Today, we shall be finding inspiration from the world around us, instead of looking into dusty tomes for wisdom.
I shall mostly be considering the beauty of nature, as revealed to us in the gentle loveliness of the Dunstable Downs. The "Flying Archaeologist" yesterday reminded me that, although burial mounds on chalkland - including the eight or so barrows in Dunstable's "Five Knolls" are - green and gently folded into the downs today, when first built they would have been a stark white, shining with the native chalk. As the people of the Vale of Aylesbury looked up to the ridgeway at sunset, the barrows would have glowed a reddy-orange in the sunshine cast across the Vale, giving an illusion of the colour of life to those chalky sepulchres. Likewise at sunrise, the Vale folk would have seen the sun rising behind the mounds - casting the near sides into darkness and making them appear black. The Vale folk would have given thanks that the sun was rising, and even more so that they had a ridge of solid chalk between themselves and Luton.

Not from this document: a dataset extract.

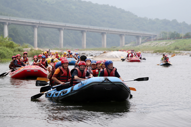 이날 래프팅 대회는 산청읍 종합 승선장을 시작으로 내리마을 한밭 앞까지 약 3.5km에 이르는 구간에서 열린다.

The irony is that, unknown to them, they were encasing the bodies of their families and friends within the miriad small bodies of other former things. For the chalk is a compressed mass of the shells of tiny sea creatures, that lived and munched other tiny sea creatures and then died, in those sunny Cretaceous seas. Then they fell to the bed where, as Prof Brian Cox would say, "a mill-ion, mill-ion, mill-ion" creatures piled up and were transformed, through great weight of water and greater weight of time, into the soft white porous stone we know today.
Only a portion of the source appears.